In this context, `token-fuzz-rs`:

- Builds a compact MinHash-based index once.
- Answers subsequent queries very quickly.
- Can outperform general-purpose libraries by **multiple orders of magnitude** on large token-based workloads.

**Use RapidFuzz when:**

- Your corpus is **small or medium-sized**.
- You don’t have an expensive one-off index build step.
- You need a rich set of similarity metrics and utilities.
- You prefer a pure-Python / standard C-extension workflow and broader feature set.

`token-fuzz-rs` is intentionally focused and minimal: one main type (`TokenFuzzer`) and one main operation (`match_closest`).

---

## API Reference

### Class: `TokenFuzzer`

#### Constructor

```python
TokenFuzzer(strings: list[str]) -> TokenFuzzer
```

Builds an index over the provided list of strings.

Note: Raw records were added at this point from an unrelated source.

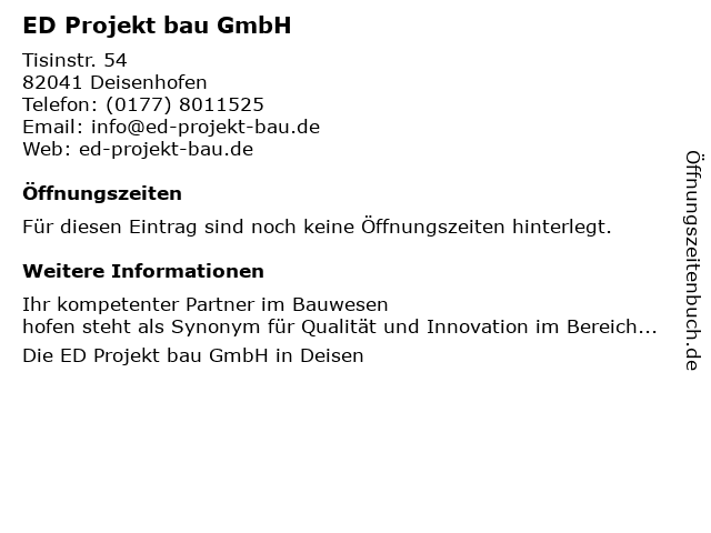 | Öffnungszeiten ED Projekt bau GmbH in Deisenhofen anzeigen | |
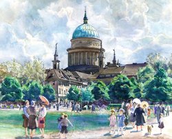 Potsdam, Stadtschloss und Karpfenteich, am rechten Rand der Neptunbrunne...1050-1
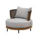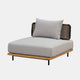 • Elegant Design: The Monte Sofa features a contemporary look with its clean lines and a neutral grey color palette, complemented by natural wood accents and intricate wicker detailing on the sides. This mix of materials adds a sophisticated touch to any patio, deck, or garden.

- `strings`: list of strings to match against (the “corpus”).
- Internally, computes MinHash-style signatures for each string (one-time cost).

#### Methods

```python
match_closest(self, s: str) -> str
```

Returns the closest-matching string from the original corpus.

- `s`: query string.
- Returns: a single string – the best match from the corpus.
- Raises: `ValueError` if the corpus was empty at construction time.

---

## How It Works (High Level)

- Strings are treated as byte sequences.
- For each position in the string, the library builds short byte tokens (up to 8 bytes).
- Each token is hashed with multiple independent hash functions based on SplitMix64.
- For each hash function, the minimum hash value seen over all tokens becomes one element of a **MinHash signature**.
- Similarity between two strings is approximated by the fraction of equal entries in their signatures.
- `match_closest`:
  1. Computes the MinHash signature for the query string.
  2. Compares it against all precomputed signatures in the corpus.
  3. Returns the string with the highest similarity score.

This design:

- Exploits **token overlap** rather than pure character-level edit distance.
- Allows fast, approximate similarity search once signatures are precomputed.
- Scales well to large, static corpora with many queries.

---

## Notes & Limitations

- Similarity is **approximate** (MinHash-based), not exact edit distance.
- Matching is 1-to-N: it returns only the **single best match**.
- The index is **immutable** after construction; to add or remove strings, build a new `TokenFuzzer`.
- The library is intended to be used from Python; the Rust code is an internal implementation detail.

---

## License

This project is licensed under the **MIT License**.
Feel free to use it, make small PRs, or open issues to make feature requests.